One reason might be because good governance in a networked age is really hard. Boundaries are blurry. Both sides have to win, but trust is difficult to establish and very often in short supply.

Our connected world has come together, but we haven’t figured the implications of being connected, being wired, and all the things that are different now.

Industrial models are hierarchical, elites at the top, winner takes all. They’re ‘jfdi’ cultures, not particularly consensual, and success comes from an alpha male mindset, ‘I win:you lose’ thinking. None of this is stuff we verbalize too well out loud.

To use a phrase, ‘we just get on with the job in front of us’. The underlying dynamic of this, however, is that market success comes from market share; the size of one’s slice of the pie.

This mindset only works for so long. Economic inequality is driving the risk of commercial stagnation. Networks create compound value, and now I think much smarter networked strategies need to surface.

To go back to the UK as an example, the UK, it can flourish independently no matter how small it is as part of a thriving network by redrawing the way it develops, specifically by how it develops networked capability, thinking across disciplines, and working at intersections.
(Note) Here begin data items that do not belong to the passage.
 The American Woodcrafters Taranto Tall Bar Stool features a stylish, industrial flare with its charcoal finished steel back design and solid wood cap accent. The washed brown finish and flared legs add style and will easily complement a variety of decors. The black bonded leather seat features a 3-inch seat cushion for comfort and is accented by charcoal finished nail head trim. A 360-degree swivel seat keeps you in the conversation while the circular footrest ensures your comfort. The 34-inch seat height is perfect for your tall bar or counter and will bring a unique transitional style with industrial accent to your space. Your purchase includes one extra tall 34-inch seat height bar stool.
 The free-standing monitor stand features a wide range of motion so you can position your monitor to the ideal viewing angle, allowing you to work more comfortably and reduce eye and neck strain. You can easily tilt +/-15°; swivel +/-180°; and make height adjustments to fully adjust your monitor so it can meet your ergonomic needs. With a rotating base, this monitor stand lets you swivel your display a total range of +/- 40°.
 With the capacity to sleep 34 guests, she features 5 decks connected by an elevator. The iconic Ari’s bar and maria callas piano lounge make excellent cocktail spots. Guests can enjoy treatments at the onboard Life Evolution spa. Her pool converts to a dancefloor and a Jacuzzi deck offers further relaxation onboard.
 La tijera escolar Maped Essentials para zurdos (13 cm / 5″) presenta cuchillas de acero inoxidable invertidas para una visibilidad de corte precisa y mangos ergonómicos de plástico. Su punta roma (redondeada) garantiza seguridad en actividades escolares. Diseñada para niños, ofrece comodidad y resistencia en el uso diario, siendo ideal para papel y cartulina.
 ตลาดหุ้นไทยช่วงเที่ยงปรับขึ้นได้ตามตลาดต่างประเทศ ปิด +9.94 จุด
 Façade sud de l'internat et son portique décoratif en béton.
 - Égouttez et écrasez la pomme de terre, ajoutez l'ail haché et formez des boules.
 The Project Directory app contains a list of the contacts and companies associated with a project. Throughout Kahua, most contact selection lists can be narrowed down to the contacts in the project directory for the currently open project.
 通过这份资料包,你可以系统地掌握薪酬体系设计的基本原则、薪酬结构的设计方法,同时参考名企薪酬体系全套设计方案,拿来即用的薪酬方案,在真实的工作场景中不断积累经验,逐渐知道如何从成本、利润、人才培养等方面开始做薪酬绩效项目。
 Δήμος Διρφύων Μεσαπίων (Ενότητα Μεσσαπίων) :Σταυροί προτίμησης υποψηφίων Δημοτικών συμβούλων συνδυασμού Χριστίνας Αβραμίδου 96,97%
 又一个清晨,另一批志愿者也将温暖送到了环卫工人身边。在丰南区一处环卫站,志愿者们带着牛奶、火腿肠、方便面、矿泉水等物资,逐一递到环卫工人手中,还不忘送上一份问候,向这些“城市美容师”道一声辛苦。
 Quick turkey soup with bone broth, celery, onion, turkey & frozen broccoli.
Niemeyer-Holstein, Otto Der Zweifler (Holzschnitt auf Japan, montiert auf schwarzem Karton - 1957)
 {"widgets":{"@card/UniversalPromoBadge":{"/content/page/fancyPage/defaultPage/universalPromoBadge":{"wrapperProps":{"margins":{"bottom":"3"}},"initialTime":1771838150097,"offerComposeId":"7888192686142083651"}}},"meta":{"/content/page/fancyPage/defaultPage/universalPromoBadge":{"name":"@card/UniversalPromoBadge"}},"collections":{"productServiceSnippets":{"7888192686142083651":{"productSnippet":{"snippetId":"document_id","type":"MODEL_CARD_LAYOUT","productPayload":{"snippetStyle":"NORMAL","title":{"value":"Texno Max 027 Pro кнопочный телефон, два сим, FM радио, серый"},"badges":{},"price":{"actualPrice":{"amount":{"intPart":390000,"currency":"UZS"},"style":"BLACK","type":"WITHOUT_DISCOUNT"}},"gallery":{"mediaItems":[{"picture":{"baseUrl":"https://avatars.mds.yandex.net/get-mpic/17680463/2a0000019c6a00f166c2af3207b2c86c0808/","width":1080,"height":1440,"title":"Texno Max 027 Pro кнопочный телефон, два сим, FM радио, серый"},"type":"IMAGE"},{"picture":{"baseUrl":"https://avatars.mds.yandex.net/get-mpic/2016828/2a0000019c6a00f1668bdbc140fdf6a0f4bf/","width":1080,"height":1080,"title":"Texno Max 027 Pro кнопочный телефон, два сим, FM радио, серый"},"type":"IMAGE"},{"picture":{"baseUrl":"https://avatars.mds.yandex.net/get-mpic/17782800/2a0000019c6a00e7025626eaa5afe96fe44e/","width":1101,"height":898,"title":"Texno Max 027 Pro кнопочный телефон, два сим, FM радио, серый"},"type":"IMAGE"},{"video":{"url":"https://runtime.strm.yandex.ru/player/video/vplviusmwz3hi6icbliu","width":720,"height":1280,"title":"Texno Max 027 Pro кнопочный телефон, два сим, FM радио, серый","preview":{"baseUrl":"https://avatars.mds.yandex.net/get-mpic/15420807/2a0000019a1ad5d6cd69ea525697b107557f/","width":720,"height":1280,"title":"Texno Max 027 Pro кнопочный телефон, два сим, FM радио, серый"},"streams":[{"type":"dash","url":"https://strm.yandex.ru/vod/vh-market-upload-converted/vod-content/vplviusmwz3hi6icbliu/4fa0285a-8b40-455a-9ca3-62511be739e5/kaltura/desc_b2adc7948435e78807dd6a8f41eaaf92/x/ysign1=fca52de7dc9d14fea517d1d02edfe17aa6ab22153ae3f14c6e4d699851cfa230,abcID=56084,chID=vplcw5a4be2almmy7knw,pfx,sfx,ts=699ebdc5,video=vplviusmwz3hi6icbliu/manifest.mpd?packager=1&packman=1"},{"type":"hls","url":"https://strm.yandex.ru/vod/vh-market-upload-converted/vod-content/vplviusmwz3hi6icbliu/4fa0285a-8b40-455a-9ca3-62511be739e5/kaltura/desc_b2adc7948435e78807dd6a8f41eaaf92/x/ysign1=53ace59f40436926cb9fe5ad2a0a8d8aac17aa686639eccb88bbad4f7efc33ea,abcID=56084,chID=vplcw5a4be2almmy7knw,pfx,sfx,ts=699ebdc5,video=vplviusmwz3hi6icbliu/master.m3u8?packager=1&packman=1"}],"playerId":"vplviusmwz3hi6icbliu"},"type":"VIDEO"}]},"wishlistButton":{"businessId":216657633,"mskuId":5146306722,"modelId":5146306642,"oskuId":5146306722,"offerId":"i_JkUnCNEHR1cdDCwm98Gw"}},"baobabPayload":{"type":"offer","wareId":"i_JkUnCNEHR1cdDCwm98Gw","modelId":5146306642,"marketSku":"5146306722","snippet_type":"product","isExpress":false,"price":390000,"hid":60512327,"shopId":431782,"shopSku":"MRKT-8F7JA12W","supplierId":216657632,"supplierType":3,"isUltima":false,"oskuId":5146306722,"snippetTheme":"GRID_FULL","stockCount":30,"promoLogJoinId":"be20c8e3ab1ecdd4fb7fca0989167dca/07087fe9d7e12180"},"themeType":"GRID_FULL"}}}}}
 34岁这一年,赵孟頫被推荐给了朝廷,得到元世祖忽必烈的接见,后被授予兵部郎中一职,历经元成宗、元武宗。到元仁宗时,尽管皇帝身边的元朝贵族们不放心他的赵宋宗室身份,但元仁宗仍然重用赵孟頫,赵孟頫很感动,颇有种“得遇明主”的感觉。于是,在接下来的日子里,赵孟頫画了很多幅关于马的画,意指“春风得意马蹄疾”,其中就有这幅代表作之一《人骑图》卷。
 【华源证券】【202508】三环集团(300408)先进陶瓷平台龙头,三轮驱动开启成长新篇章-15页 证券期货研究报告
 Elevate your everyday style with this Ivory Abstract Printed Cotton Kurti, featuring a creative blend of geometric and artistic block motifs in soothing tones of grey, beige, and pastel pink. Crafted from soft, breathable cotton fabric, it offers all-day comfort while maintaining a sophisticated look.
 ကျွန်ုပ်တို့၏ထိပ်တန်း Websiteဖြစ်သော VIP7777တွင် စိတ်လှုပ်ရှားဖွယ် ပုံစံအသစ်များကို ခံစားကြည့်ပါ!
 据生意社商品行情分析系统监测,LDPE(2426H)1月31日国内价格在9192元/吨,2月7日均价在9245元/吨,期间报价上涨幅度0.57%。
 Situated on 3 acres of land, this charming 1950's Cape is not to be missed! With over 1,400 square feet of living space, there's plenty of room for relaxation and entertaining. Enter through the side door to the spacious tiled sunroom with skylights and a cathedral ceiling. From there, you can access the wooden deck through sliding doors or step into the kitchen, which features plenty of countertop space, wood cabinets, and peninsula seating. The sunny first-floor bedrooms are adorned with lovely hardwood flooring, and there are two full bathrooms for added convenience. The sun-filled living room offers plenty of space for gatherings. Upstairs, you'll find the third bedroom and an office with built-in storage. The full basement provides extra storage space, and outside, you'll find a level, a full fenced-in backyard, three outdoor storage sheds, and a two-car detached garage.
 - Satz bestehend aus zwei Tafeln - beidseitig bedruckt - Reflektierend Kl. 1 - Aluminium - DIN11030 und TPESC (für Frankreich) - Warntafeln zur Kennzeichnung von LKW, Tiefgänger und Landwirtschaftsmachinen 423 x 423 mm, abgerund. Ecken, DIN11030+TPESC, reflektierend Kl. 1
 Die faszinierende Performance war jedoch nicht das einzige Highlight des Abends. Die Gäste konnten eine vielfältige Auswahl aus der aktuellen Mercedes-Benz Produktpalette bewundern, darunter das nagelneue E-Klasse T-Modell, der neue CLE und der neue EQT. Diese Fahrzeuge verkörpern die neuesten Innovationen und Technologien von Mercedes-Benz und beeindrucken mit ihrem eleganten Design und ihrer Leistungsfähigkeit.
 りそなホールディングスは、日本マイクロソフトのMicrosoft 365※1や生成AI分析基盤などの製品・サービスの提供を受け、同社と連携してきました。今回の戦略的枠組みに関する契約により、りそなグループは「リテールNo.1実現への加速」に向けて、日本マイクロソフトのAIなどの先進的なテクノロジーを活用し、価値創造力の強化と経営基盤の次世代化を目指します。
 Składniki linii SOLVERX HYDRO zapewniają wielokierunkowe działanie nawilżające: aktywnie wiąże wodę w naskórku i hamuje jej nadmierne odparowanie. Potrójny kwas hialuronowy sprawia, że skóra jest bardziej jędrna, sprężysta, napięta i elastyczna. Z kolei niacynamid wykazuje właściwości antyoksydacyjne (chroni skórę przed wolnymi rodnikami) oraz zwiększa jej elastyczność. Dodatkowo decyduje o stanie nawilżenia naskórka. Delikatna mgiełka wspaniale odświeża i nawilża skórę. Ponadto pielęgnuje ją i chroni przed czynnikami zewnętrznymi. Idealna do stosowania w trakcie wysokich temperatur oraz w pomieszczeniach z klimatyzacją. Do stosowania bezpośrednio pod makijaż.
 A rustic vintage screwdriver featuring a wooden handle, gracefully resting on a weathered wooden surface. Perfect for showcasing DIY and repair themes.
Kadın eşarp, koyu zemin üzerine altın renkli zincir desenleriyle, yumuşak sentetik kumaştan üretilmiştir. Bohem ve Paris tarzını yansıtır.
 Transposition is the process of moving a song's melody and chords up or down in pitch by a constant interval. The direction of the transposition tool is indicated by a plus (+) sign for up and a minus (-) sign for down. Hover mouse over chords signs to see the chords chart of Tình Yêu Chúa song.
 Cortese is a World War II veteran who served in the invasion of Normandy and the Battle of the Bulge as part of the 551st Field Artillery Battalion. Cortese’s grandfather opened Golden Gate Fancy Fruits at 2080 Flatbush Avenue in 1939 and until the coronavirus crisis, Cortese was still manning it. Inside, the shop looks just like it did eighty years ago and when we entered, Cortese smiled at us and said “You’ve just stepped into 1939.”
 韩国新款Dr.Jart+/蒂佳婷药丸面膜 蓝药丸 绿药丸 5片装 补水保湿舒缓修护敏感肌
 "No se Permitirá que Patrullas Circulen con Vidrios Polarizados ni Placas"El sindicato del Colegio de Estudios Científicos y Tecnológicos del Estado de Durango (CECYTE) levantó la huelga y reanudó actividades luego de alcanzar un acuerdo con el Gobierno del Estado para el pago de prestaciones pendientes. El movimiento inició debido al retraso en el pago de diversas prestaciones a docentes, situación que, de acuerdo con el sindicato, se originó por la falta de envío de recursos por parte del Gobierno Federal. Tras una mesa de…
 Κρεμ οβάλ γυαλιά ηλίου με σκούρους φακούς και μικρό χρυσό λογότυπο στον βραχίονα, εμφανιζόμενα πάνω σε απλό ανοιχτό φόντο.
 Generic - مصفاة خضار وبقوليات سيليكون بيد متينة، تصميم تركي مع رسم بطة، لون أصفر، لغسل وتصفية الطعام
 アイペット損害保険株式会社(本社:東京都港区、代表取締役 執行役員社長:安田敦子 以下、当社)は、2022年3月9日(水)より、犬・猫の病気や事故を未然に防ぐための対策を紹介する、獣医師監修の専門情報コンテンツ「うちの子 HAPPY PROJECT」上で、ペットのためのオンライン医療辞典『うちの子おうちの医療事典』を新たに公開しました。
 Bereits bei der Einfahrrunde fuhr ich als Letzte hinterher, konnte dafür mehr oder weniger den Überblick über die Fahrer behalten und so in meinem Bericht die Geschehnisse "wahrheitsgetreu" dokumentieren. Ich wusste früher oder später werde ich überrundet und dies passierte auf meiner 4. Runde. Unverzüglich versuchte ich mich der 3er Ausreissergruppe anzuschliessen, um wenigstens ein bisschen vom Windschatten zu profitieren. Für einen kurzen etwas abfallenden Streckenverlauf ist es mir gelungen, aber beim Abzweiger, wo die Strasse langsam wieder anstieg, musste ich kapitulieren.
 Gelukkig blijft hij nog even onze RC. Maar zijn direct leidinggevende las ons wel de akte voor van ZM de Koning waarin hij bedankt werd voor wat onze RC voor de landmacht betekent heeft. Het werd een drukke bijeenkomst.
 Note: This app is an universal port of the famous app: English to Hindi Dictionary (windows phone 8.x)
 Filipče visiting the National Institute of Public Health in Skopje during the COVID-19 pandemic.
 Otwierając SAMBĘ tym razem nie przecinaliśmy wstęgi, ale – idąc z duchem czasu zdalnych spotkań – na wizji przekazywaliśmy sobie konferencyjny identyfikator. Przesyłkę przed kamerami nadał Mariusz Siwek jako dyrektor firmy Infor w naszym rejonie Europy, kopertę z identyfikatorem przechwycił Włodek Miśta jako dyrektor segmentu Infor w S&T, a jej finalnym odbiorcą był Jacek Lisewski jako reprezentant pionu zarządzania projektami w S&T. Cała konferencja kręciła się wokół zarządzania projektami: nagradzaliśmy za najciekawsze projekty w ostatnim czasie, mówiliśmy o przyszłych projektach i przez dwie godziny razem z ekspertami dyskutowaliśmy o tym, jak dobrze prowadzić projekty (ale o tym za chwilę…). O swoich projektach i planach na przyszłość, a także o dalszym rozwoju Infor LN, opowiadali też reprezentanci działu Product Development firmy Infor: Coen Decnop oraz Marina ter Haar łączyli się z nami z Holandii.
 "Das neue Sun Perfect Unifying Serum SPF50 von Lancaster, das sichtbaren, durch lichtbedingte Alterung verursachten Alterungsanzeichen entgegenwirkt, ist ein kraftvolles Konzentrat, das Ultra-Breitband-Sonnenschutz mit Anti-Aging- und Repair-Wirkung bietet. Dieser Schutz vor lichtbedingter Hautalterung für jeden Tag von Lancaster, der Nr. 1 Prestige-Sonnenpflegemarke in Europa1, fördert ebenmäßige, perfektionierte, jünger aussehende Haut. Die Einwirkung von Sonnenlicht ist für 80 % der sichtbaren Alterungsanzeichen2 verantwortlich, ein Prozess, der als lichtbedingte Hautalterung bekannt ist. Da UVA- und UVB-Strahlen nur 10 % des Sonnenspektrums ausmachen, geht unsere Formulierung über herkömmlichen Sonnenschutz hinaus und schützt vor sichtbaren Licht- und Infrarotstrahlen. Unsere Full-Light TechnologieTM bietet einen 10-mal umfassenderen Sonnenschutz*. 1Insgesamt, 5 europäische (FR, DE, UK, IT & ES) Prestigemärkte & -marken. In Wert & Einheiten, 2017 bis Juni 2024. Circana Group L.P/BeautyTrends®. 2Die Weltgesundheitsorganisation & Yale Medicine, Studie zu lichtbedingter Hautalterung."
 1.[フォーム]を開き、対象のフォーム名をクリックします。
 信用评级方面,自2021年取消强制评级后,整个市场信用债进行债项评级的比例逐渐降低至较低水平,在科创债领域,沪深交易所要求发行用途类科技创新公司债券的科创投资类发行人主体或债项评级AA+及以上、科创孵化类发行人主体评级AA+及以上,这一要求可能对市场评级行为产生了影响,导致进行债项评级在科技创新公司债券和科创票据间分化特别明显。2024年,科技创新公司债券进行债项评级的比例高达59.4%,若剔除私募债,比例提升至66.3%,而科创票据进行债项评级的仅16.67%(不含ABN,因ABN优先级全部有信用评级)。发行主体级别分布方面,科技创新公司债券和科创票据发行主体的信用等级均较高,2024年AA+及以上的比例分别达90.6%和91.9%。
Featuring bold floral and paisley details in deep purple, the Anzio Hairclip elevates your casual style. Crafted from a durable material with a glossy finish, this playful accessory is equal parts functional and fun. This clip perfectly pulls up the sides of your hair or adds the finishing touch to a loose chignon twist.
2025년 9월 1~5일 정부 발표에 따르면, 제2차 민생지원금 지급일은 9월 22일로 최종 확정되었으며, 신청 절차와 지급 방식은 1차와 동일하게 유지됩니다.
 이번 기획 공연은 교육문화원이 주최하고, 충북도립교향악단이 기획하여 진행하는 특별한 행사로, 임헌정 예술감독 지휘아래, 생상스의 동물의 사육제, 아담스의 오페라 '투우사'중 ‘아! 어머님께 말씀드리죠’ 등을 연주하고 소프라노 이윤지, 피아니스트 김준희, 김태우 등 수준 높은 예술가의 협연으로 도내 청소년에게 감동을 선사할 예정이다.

Maybe geographic boundaries are less relevant today and good governance can be conducted and applied through blockchain technology. The point is, there are options.

To ignore the basic dynamic value that exists within networks is foolish. If we frame our economic landscape today as industrial – no matter if it’s a third, fourth or fifth iteration of industry – it locks us into an old and obsolescent past and ways of thinking.

It locks out the creative capability human beings can bring to innovation when ‘industry’ becomes automated.

Size matters, and it matters not, simultaneously. What is crucial is understanding border control in new and more nuanced forms. This is the task of leaders today.

Estonia and the EU are both toying with the idea of e-residency. For any region, large or small, strategic development from here on in will be more powerful and effective if it involves this digital, virtual component – of like-mindedness operating across borders, the compound value of networks and in developing them, and of valuing difference and capitalizing on it.

When the world is uncertain, strong networks thrive. It’s also something the ‘no man is an island’ axiom encapsulates. Small regions need networks. Good border and boundary governance is part of healthy networked thinking too.

I think Brexit is a contemporary existential discussion about isolation and connection.

And Brexit is about those two fundamental things – isolation and connection – and how we deal with them in a networked age, as much as it is about economics, people, their capabilities and their quality of life.

Clocks can’t be turned back, things can never be the same again, and that is a loss.

But I think we have more options if we break out from being land-locked by old thinking, and consider, with partners and allies, how we move forward and design an effective, networked future.